Но в лагере, поставленным в руинах коровника и на ближайшем пастбище, где от коров не осталось ни рога, ни хвоста, звучал приглушённый, усталый смех, треск костра и тихий шорох перевала. Здесь царило неправдоподобное, книжное спокойствие: часть Дубовки была отбита советскими солдатами, и они, прибывшие за крупицей покоя, разводили отраву гнетущей войны маленькой, зато заслуженной победой.
Из палатки доносился сдавленный, хриплый гогот, подстать звяканью шомпола о стальные толстые грани дула ППШ. Молодость ребят, раздавленная, жестоко растоптанная ужасами войны, сочилась сквозь их облегченные, простые разговоры.
– … ты бы видел его рожу, – разгоряченно рассказывал Женя Панченко, высокий, русый парень лет восемнадцати с яркими голубыми глазами.
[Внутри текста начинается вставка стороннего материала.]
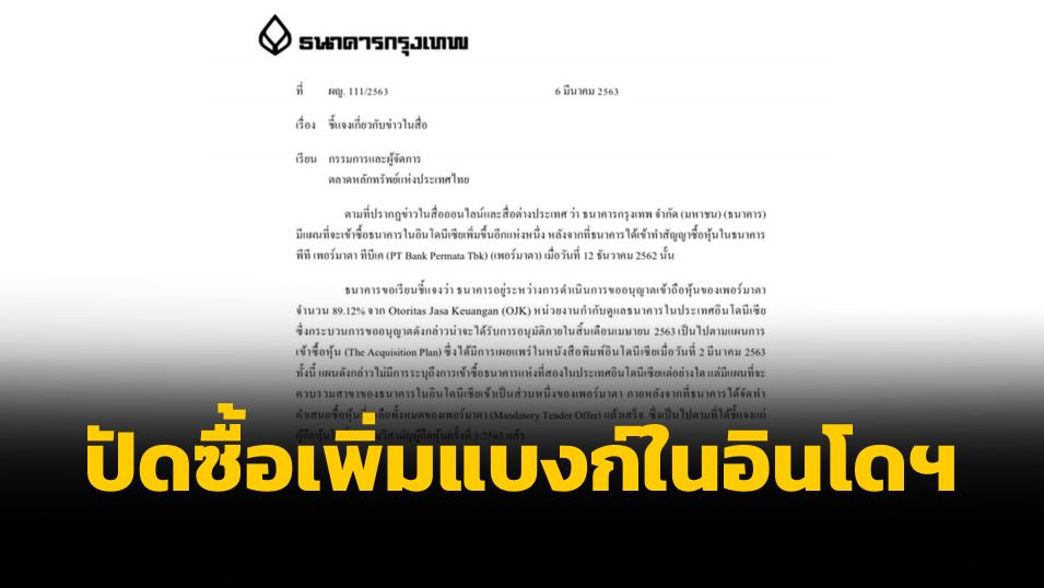 ธนาคารขอเรียนชี้แจงว่าธนาคารอยู่ระหว่างการดำเนินการขออนุญาตเข้าถือหุ้นของเพอร์มาตา จำนวน 89.12% จาก Otoritas Jasa Keuangan (OJK) หน่วยงานกำกับดูแลธนาคารในประเทศอินโดนีเซีย ซึ่งกระบวนการขออนุญาตดังกล่าวน่าจะได้รับการอนุมัติภายในสิ้นเดือนเมษายน 2563 เป็นไปตามแผนการ เข้าซื้อหุ้น (The Acquisition Plan) ซึ่งได้มีการเผยแพร่ในหนังสือพิมพ์อินโดนีเซียเมื่อวันที่ 2 มีนาคม 2563 ทั้งนี้ แผนดังกล่าวไม่มีการระบุถึงการเข้าซื้อธนาคารแห่งที่ 2 ในประเทศอินโดนีเซียแต่อย่างใด แต่มีแผนที่จะควบรวมสาขาของธนาคารในอินโดนีเซียเข้าเป็นส่วนหนึ่งของเพอร์มาตา ภายหลังจากที่ธนาคารได้จัดทำคำเสนอซื้อหุ้นที่เหลือทั้งหมดของเพอร์มาตา (Mandatory Tender Offer) แล้วเสร็จ ซึ่งเป็นไปตามที่ได้ชี้แจงแก่ผู้ถือหุ้นในที่ประชุมวิสามัญผู้ถือหุ้นครั้งที่ 1/2563 แล้ว .-สำนักข่าวไทย

Он без лишней ласки сунул в рот вилку с ошметками тушенки на острие, кинул взгляд на коротко стриженного, почти лысого мужчину, сидящего на патронном ящике и с нежностью начищающего свой пулемет. – Сиплый, кончай дуло наяривать, садись к нам.
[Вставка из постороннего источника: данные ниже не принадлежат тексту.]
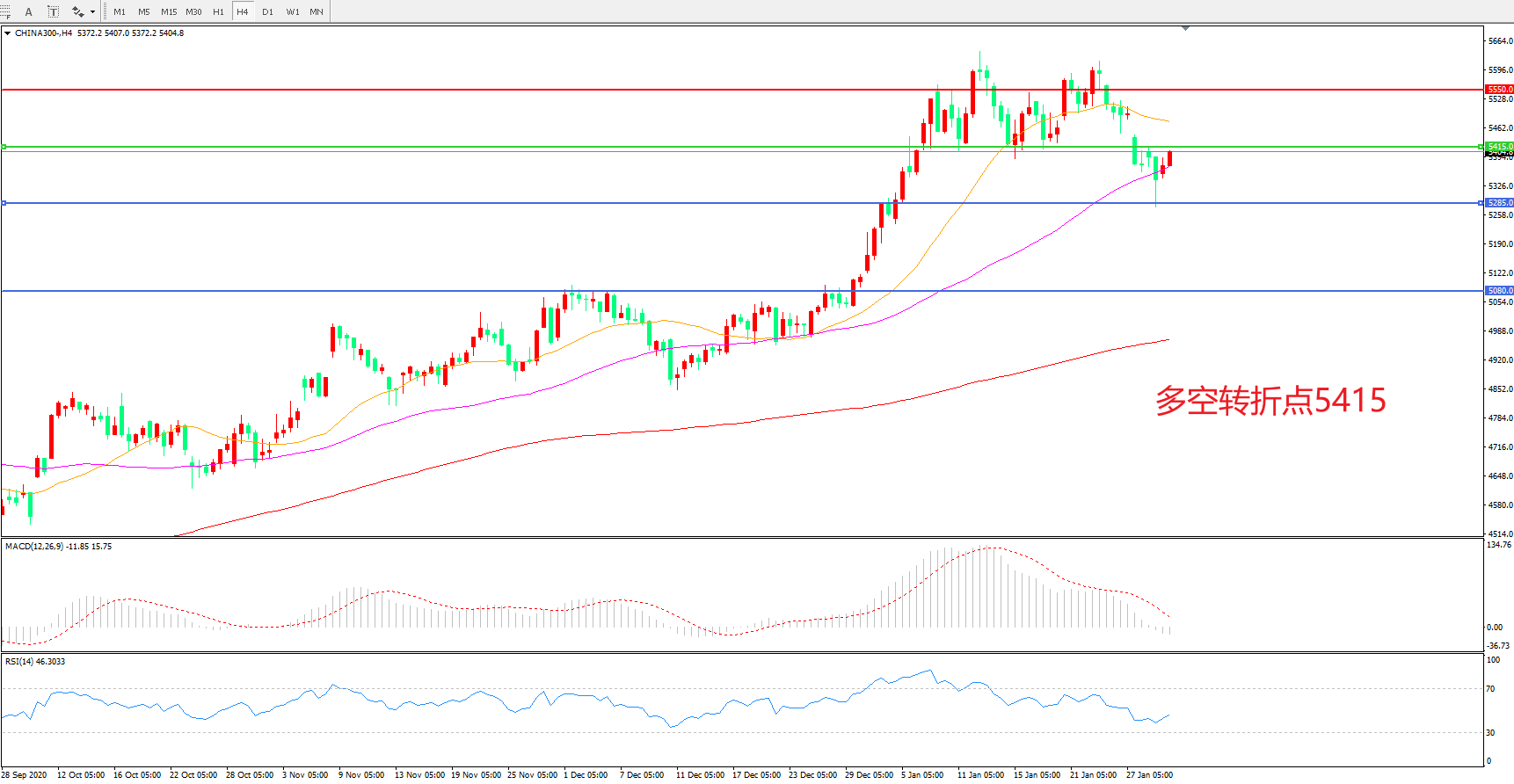 多空转折点:5415.00
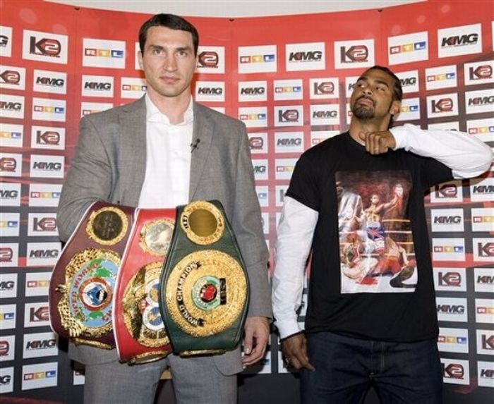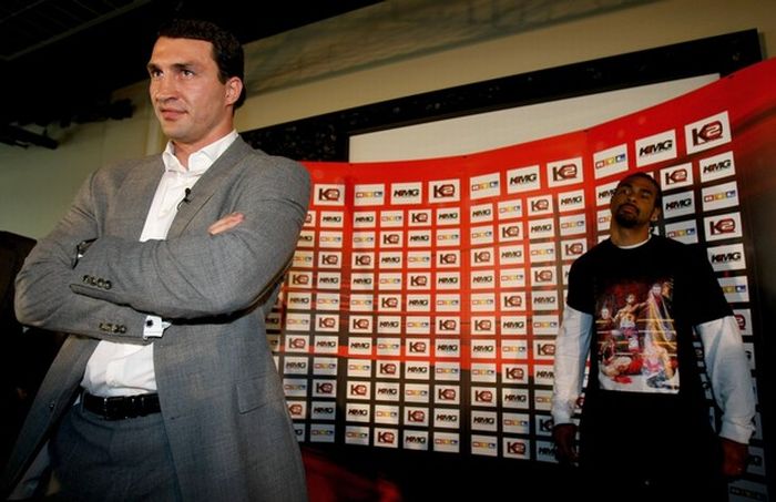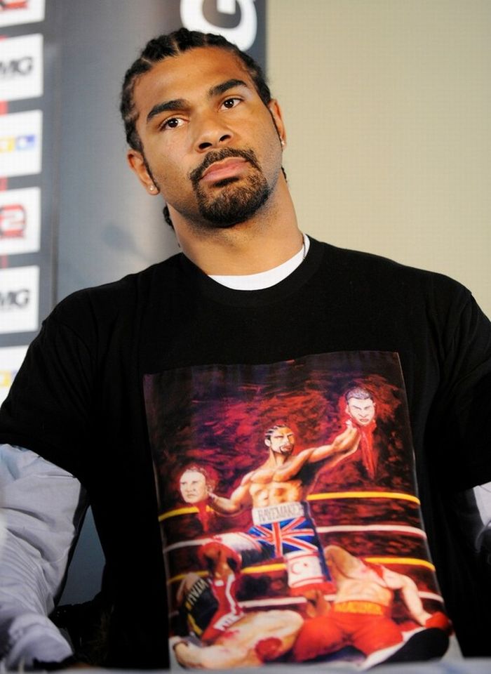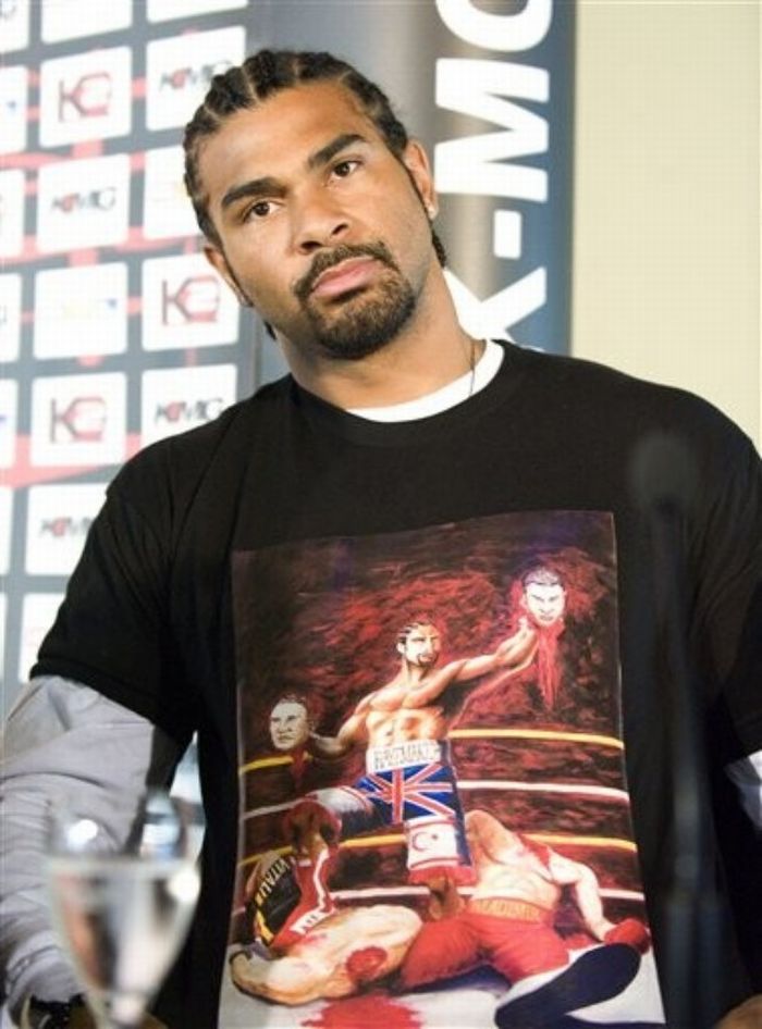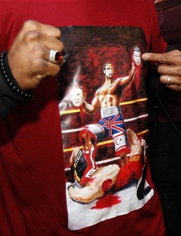 Англичанин пришел в футболке с рисунком, на котором он стоит с оторванными головами братьев Кличко.

Мужчина медленно, пафосно скрутив брови в узел, поднял взгляд на парнишку.
– Жека, не выпендривайся. Это дуло тебе сегодня жизнь спасло, – он ответил, лишний раз подтверждая свою кличку, показательно натирая внешнюю сторону ствола замасленной, грязной тряпочкой.
Егор Беляев, которого соратники окрестили “Сиплым”, пришел на фронт с самого Петербурга, похоронив с первыми выстрелами своих родителей, тетку и невесту, которые не смогли пробиться с первыми спасительными колоннами, только его младшая тринадцатилетняя сестра Матрена осталась в живых. В их колонну прилетел снаряд, забрав жизни невинных жителей культурной столицы и надежду на спасение. Господь распорядился спасти лишь нескольких, в их числе Егора и Матрену Беляевых, но каждый из них заплатил свою цену: осколки испещрили лицо и шею мужчины, чудом изорвав лишь несколько голосовых связок, а изломанную в нескольких местах руку девочки пришлось ампутировать. Но они выжили. И назло смерти, Беляев отправился на фронт, обещав своей сестрице дойти босыми ногами на восток до ее временного пристанища, когда голыми руками задушит каждого фрица.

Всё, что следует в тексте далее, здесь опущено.